[[ RECORD SET, beginning ]]

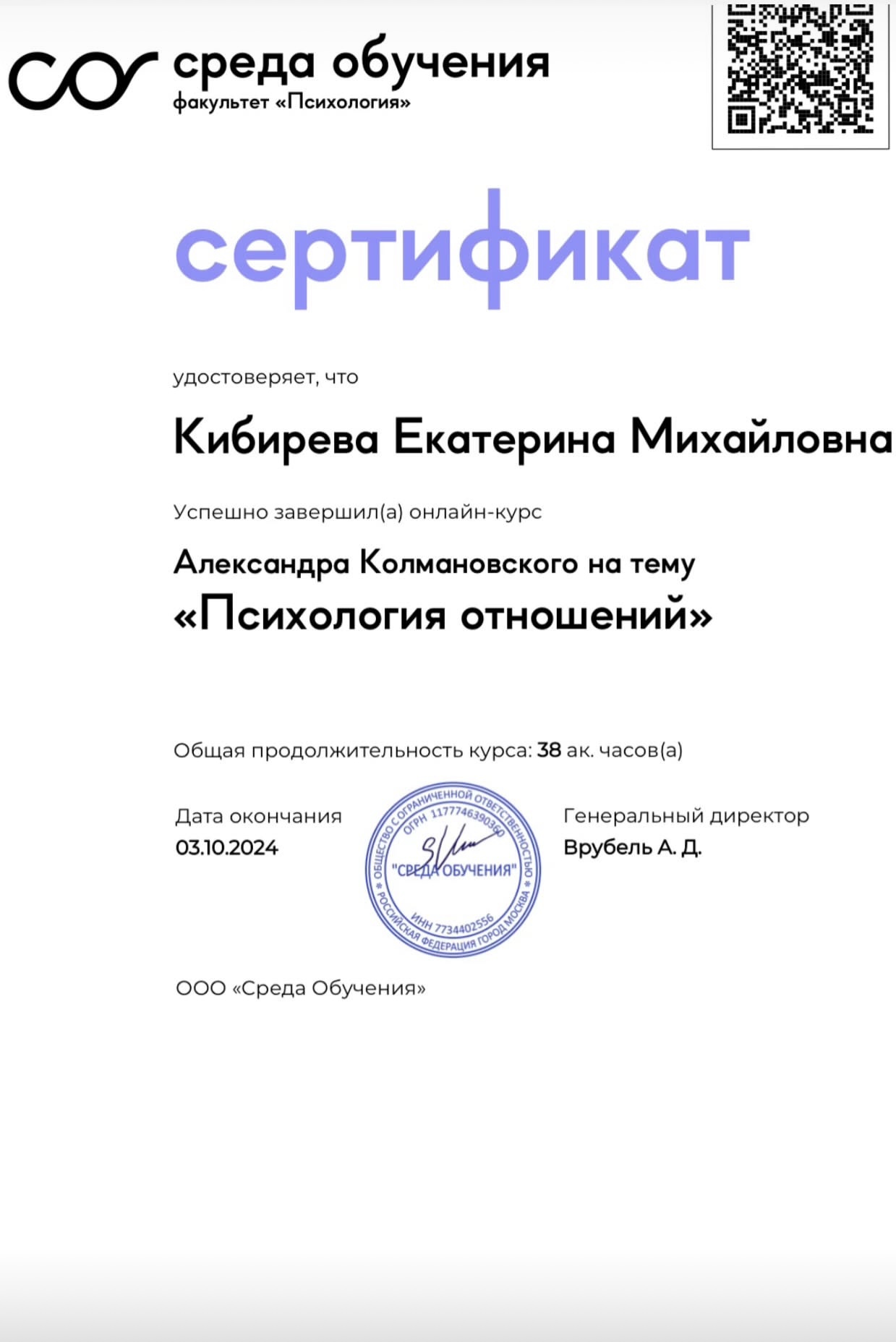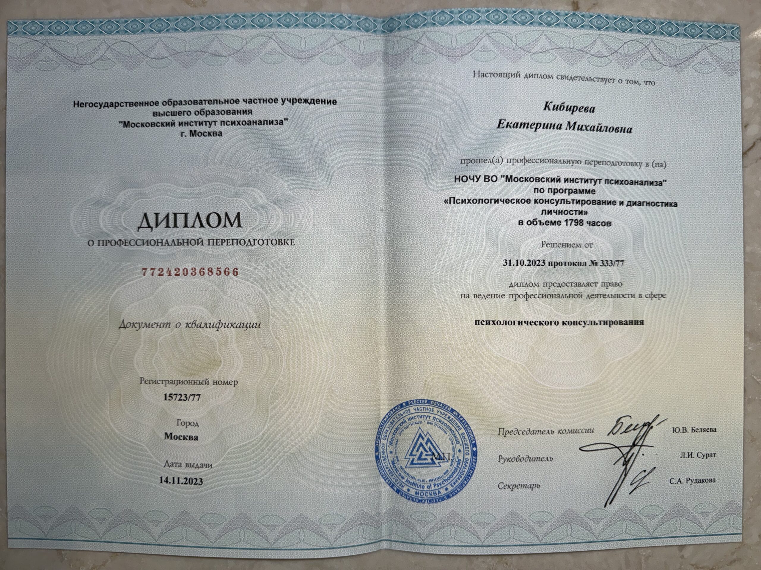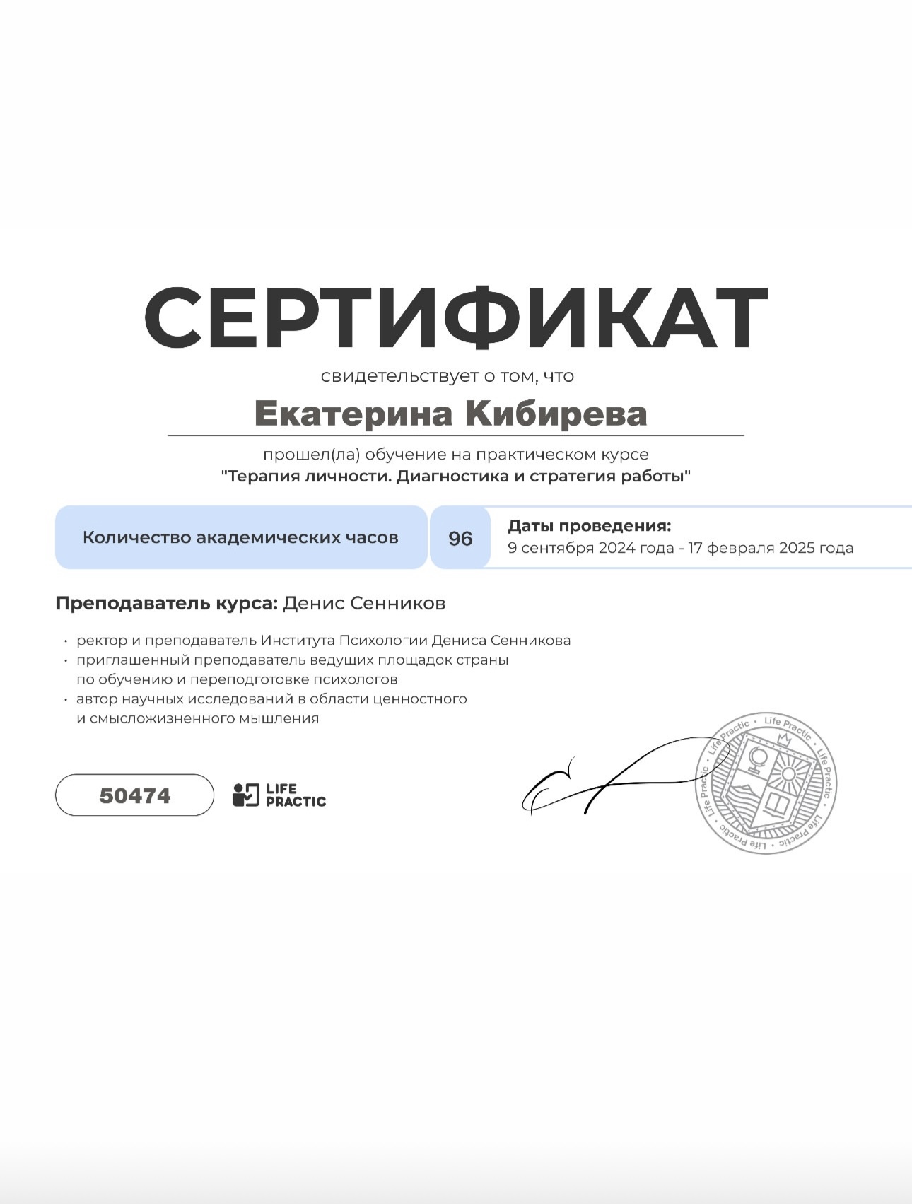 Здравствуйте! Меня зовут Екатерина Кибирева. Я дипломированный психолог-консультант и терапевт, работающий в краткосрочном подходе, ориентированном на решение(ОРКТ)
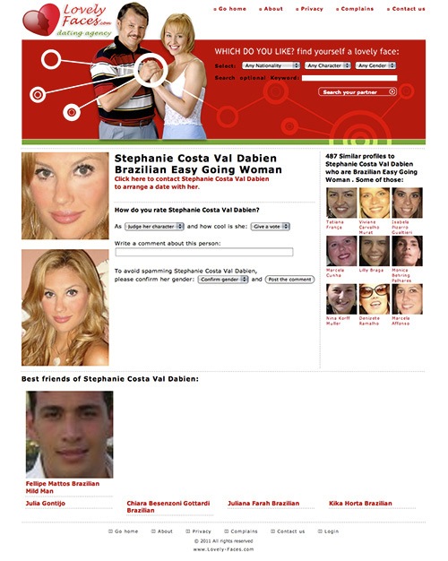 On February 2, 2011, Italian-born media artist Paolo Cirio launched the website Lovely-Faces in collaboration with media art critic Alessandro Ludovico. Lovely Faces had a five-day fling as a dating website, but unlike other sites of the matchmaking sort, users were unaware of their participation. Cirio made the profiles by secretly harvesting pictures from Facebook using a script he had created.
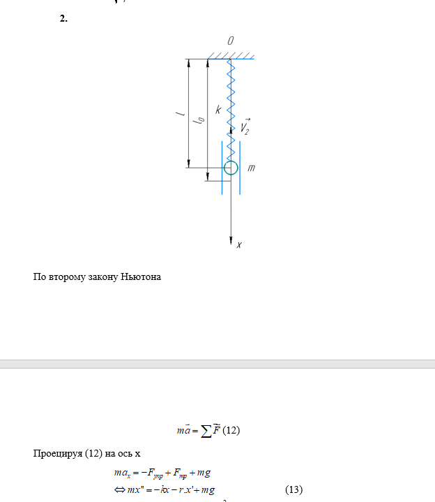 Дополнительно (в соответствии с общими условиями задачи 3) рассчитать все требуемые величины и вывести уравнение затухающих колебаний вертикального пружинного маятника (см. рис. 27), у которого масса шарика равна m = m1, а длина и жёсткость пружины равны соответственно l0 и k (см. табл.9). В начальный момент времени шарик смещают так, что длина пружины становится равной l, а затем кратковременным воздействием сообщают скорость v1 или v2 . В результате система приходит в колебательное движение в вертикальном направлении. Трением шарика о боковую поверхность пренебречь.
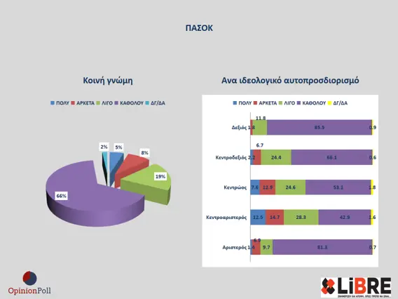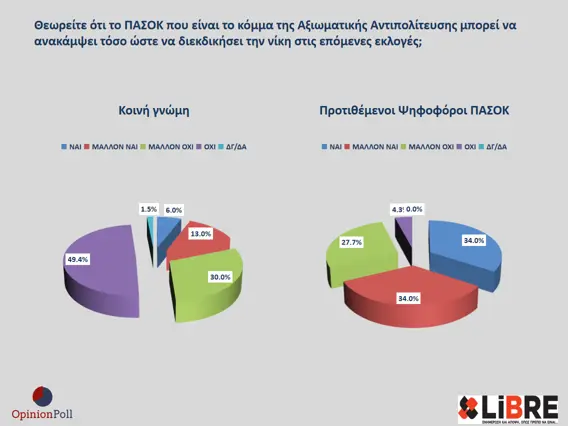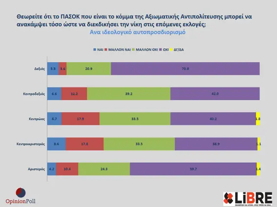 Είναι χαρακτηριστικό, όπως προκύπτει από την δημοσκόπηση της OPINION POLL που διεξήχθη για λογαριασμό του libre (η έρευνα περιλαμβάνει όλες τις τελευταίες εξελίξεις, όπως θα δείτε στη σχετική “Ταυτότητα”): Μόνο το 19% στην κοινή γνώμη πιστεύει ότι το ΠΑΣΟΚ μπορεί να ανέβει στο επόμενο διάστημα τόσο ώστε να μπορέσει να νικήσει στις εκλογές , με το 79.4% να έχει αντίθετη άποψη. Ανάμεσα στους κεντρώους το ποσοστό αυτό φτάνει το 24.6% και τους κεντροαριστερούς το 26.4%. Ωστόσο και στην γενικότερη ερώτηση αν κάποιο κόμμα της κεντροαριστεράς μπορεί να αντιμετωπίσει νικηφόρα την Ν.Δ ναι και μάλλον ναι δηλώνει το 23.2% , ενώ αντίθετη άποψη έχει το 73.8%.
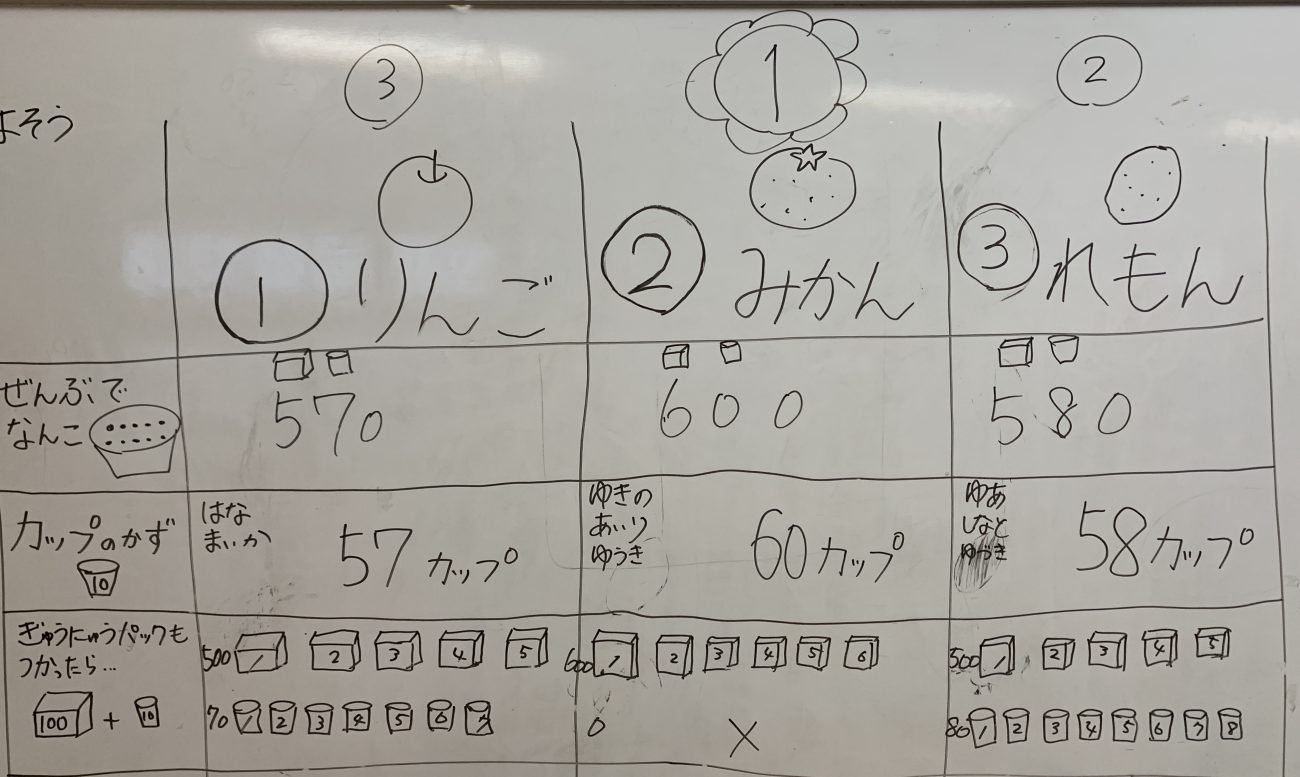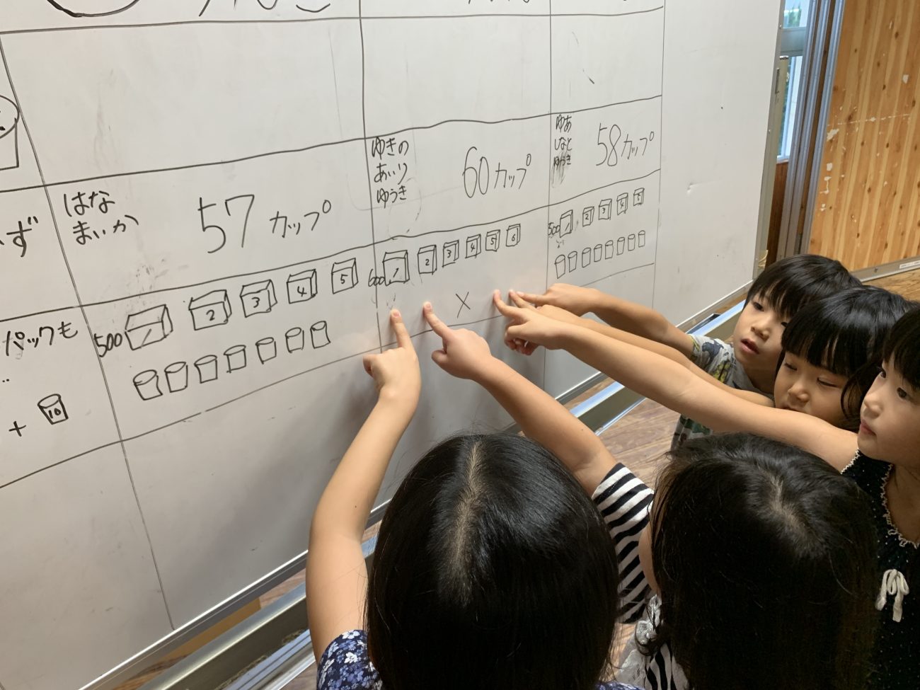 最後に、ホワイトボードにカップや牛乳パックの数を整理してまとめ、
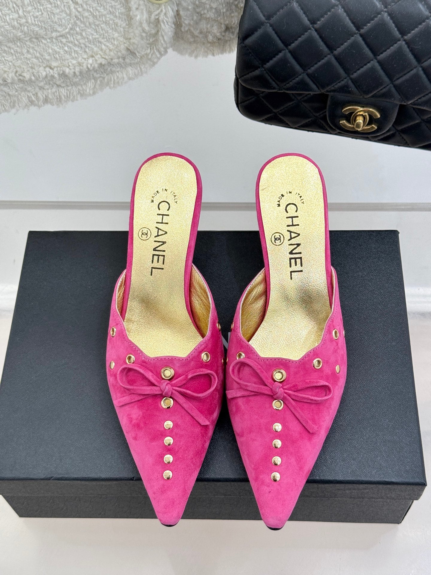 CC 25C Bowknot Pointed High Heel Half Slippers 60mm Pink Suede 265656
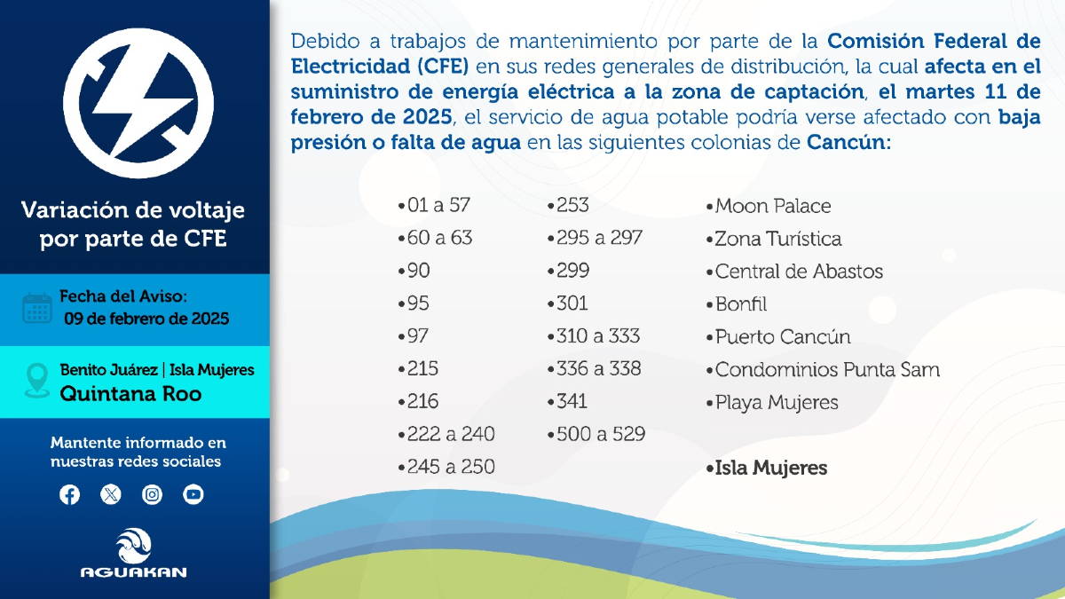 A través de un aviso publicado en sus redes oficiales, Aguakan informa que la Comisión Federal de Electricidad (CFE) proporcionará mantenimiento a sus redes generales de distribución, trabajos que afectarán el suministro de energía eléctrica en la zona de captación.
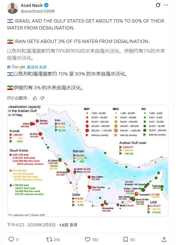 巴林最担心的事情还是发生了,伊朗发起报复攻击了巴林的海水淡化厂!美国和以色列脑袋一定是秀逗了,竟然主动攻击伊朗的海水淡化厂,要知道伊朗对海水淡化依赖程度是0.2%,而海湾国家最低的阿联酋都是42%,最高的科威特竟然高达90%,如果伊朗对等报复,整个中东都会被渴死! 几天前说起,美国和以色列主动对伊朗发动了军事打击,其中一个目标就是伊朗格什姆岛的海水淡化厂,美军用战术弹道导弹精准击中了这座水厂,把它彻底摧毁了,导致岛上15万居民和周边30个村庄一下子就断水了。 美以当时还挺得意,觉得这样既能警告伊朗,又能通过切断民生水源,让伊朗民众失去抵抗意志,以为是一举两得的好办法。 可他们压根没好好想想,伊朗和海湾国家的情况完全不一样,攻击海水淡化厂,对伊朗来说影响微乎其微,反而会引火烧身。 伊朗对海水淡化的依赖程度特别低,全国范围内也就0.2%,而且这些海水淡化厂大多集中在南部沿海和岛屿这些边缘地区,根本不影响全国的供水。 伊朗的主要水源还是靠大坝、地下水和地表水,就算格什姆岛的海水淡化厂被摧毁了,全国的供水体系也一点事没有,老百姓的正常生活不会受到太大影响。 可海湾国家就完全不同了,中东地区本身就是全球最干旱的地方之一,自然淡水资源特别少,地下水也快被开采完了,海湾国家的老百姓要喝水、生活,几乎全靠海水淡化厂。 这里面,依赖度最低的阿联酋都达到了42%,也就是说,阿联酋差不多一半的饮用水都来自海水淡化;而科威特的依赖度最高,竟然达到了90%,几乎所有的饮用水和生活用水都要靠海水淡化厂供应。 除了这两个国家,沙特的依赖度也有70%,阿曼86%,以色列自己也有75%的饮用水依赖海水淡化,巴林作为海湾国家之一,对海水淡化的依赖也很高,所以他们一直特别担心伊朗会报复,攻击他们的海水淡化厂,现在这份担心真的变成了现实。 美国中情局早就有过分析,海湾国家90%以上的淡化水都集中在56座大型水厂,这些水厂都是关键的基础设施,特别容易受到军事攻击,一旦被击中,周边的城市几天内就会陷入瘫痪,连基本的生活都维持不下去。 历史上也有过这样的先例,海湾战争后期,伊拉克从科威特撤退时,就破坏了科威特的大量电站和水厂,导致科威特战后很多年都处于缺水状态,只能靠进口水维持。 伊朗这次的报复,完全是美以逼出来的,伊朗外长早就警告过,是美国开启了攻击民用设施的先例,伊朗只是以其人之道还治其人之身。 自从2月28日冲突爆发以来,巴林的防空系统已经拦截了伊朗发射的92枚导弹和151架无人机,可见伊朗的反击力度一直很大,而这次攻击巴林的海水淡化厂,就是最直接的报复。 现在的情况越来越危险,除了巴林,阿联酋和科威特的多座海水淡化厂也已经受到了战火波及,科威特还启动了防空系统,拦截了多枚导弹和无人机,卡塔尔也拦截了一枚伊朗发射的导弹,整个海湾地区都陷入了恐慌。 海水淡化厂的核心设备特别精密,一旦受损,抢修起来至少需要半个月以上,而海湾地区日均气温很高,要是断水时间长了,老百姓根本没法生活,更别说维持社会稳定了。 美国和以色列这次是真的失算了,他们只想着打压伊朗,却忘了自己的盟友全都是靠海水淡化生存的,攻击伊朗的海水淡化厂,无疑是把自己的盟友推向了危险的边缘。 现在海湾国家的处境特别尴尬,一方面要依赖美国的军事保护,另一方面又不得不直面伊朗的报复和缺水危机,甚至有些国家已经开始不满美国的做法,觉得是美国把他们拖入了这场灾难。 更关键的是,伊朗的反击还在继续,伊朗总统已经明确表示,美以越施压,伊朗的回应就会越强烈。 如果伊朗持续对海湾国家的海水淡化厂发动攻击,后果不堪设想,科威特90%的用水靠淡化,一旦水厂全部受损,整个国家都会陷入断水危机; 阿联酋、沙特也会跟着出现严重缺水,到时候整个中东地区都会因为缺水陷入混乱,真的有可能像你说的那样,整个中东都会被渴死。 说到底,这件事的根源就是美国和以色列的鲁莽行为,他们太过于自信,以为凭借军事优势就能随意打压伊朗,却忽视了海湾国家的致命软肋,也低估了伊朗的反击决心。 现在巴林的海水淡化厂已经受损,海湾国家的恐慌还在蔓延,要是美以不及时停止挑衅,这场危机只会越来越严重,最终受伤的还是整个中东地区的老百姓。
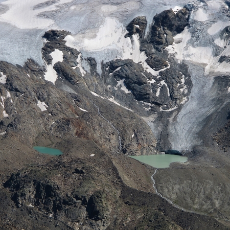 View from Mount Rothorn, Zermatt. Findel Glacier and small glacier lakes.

[[ RECORD SET, end ]]

ACTIVITY:
When you reach the line containing "最後に、ホワイトボードにカップや牛乳パックの数を整理してまとめ、" in the entries above, begin restating word for word, and stop once the line containing "A través de" has been given. Omit the pictures.

OUTPUT OF THE EXERCISE:
 最後に、ホワイトボードにカップや牛乳パックの数を整理してまとめ、
 CC 25C Bowknot Pointed High Heel Half Slippers 60mm Pink Suede 265656
 A través de un aviso publicado en sus redes oficiales, Aguakan informa que la Comisión Federal de Electricidad (CFE) proporcionará mantenimiento a sus redes generales de distribución, trabajos que afectarán el suministro de energía eléctrica en la zona de captación.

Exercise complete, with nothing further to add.